Data excerpt »
•••
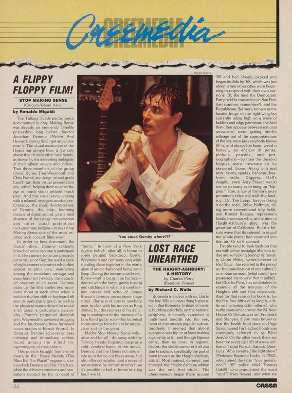 The Talking Heads performance documented in Stop Making Sense was already an eminently filmable proceeding long before director Jonathan Demme (Melvin And Howard, Swing Shift) got anywhere near it. The visual awareness of the Heads has always been a few cuts above that of most other rock bands, as shown by the interesting ambiguity of their album covers and videos.
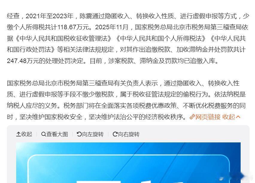 难道被封禁的原因,就是偷税逃税吗?看数额,少缴纳税款118.67万元,绝对不是近年来偷税漏税最多的一个公众人物了,比他偷税多的人可多了去了,可见这并不是陈震被封禁的关键原因。但他在前几年可是言之凿凿的说过“逃税最可耻”的话,现在又自己打脸,只能说吃设定这一块,回旋镖迟早要正中自己的眉心。那么,他被封到底是咋回事儿呢?陈震偷税案陈震偷税追缴并罚共计247.48万元
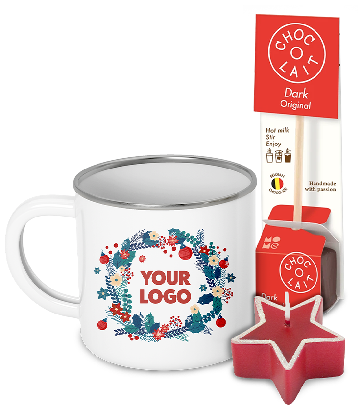 Smaltovaný plecháček, 200 ml, vč. plnobarevného potisku, Belgická čokoláda na tyčince, 1 porce, plovoucí svíčka ve tvaru hvězdy, 60x30 mm - různé barvy
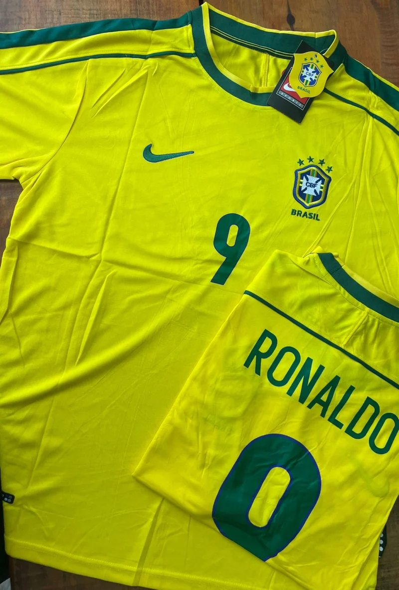 A Camiseta Retrô da Seleção Brasileira 1998 com o nome do Ronaldo Nº 9 representa uma era inesquecível, onde o Fenômeno dominava o mundo com sua velocidade, talento e presença dentro de campo.
•••
Reproduce the whole listing above word for word, but not its pictures.

 The Talking Heads performance documented in Stop Making Sense was already an eminently filmable proceeding long before director Jonathan Demme (Melvin And Howard, Swing Shift) got anywhere near it. The visual awareness of the Heads has always been a few cuts above that of most other rock bands, as shown by the interesting ambiguity of their album covers and videos.
 难道被封禁的原因,就是偷税逃税吗?看数额,少缴纳税款118.67万元,绝对不是近年来偷税漏税最多的一个公众人物了,比他偷税多的人可多了去了,可见这并不是陈震被封禁的关键原因。但他在前几年可是言之凿凿的说过“逃税最可耻”的话,现在又自己打脸,只能说吃设定这一块,回旋镖迟早要正中自己的眉心。那么,他被封到底是咋回事儿呢?陈震偷税案陈震偷税追缴并罚共计247.48万元
 Smaltovaný plecháček, 200 ml, vč. plnobarevného potisku, Belgická čokoláda na tyčince, 1 porce, plovoucí svíčka ve tvaru hvězdy, 60x30 mm - různé barvy
 A Camiseta Retrô da Seleção Brasileira 1998 com o nome do Ronaldo Nº 9 representa uma era inesquecível, onde o Fenômeno dominava o mundo com sua velocidade, talento e presença dentro de campo.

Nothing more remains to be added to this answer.